La década de los ochenta representó para el mundo del arte un enfrentamiento con el propio transcurso del tiempo. La apuesta por los nombres del futuro, la continua y minuciosa revisión de las décadas pasadas y la pregunta por la actualidad centraron el discurso de las grandes exposiciones. El presente artículo continúa con la serie de prospecciones ante la década que iniciamos, en el campo de la cultura.

Una de las aportaciones más razonables que cabe esperar de la década de los noventa es que acabe con el tratamiento cultural por décadas, uno de los más aburridos inventos de la mercadotecnia de los ochenta. A falta de mejores razones, es cierto que las cronologías llenan no pocos vacíos, pero el espacio que han cubierto en la literatura artística de la recién extinta década no tiene precedentes. No estábamos aún en 1980 y ya la crítica de arte norteamericana Bárbara Rose nos obsequiaba con una exposición premonitoria sobre la pintura de los ochenta, primera muestra de una larga lista que se fueron sucediendo implacablemente, y desde todas las perspectivas posibles, por doquier. Claro que ya se había dado por agotado el esquema de evolución lineal de las vanguardias y de alguna manera había que dotar con un contenido la inercia de la carrera.Por lo demás, una vez encalmado el frenesí adivinatorio sobre quiénes verdaderamente iban a ser los protagonistas del inmediato futuro, entre otras cosas por el paso del tiempo, que se encarga de desdecirlo todo, la pasión cronologista se fue desplazando a otras zonas menos comprometidas, aunque no por ello menos cronológicamente pautadas. Así, a las exposiciones-profecía o apuesta les sustituyeron, bien las exposiciones o los panoramas sobre las décadas pasadas -han sido revisadas prácticamente todas las del siglo, salvo, como era de esperar, la inmediatamente anterior, la de los setenta, y ésa es seguro que ahora se nos vendrá encima-, bien otras de cronología más gaseosa, como Zeitgeist o Zeitlos, dos formas equivalentes, al fin y al cabo, de apelar al tiempo, y en su forma más perentoriamente moderna: la actualidad.

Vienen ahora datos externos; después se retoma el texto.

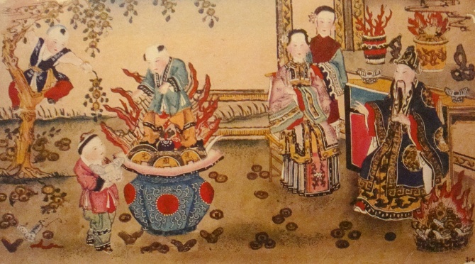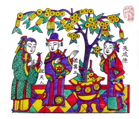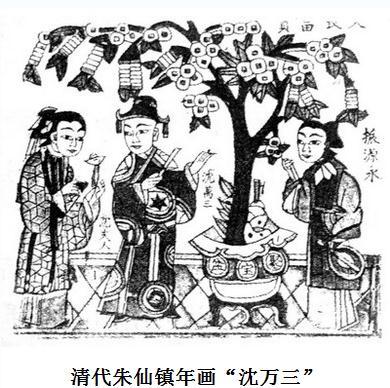 清代朱仙镇以沈万三故事为题材的门画,也有“摇钱树”画面。(沈万三是明代巨富。王世贞《国朝丛记》说,“大豪沈万三伏法,高皇帝籍没其家,所漏赀尚富。”)画面可见沈万三和沈夫人及一女侍在观赏聚宝盆中的“摇钱树”。沈万三的衣服,竟然也是以钱文为图案。

¿Pero hay algo con más potencial de actualidad que la juventud, que tiene toda la vida por delante? El ucronismo ochentista se lanzó, por lo menos, a la caza, captura y deificación de lo joven, una edad que acabó convirtiéndose en una especialidad artística.

Revivir

Por último, enterrado todo el mundo hasta el cuello en las movedizas arenas de lo temporal, los ochenta nos abrumaron asimismo con la más variada gama de revivals: neo-expresionismo, neo-pop, neo-geo, neo-conceptual, cuando no con ese simple neo-neo que se esconde tras fórmulas como "nuevo espíritu", "nuevos creadores", "nueva escultura", etcétera.

Es obvio que cuando más se habla de novedades es que éstas escasean y, en este sentido, los ochenta nos han traído pocas y todo parece indicar que los noventa se comportarán igual. Y es que la novedad en sí ahora no interesa, sino el simulacro de la misma, algo que no plantea problemas al mercado, que ha demostrado capacidad suficiente para engullir y digerir ambas. Esto me hace recordar la vigencia de ese aforismo que escribió Karl Kraus en el anterior fin de siglo: "En el arte se estima, entre nosotros, el negocio, y en la hospedería se estima la personalidad".

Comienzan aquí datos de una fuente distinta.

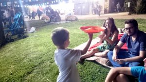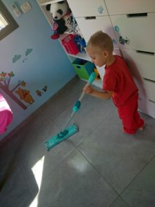 Dvouhodinový šlofíček nám dodal potřebnou energii na zbytek odpoledne i večera. Všichni jsme byli v dobré náladě, užili si krásného dne a kluci zůstali na zahradě ještě dlouho po té, co Giyora odešel večer do synagogy. Bylo jasné, že uspávat je před půl devátou vůbec nemá smysl, čili jsme koupali později a přesně tak, aby z vany už po skončení šabatu, tedy ve třičtvrtě na osm, mohli mrknout na kousek pohádky. Pak ještě chvilku pohrát a v devět byl Giyora po sprše, sbalený na třídenní školní výlet a připravený číst dětem pohádky na dobrou noc. Šily sebou nakonec skoro do desíti, ale kdo by si s tím po tak odpočinkovém dni dělal hlavu, že :-).

No creo, en todo caso, que haya que escandalizarse a estas alturas por el hecho en sí del mercado del arte, que ciertamente ha batido en la década pasada todas las marcas establecidas, incluyendo entre ellas, además, las más radicales obras de vanguardia, sino más bien ante el interés social y la publicidad correspondiente que esta práctica suscita, una demostración clara que sigue apasionando, y, por encima de todo, el dinero.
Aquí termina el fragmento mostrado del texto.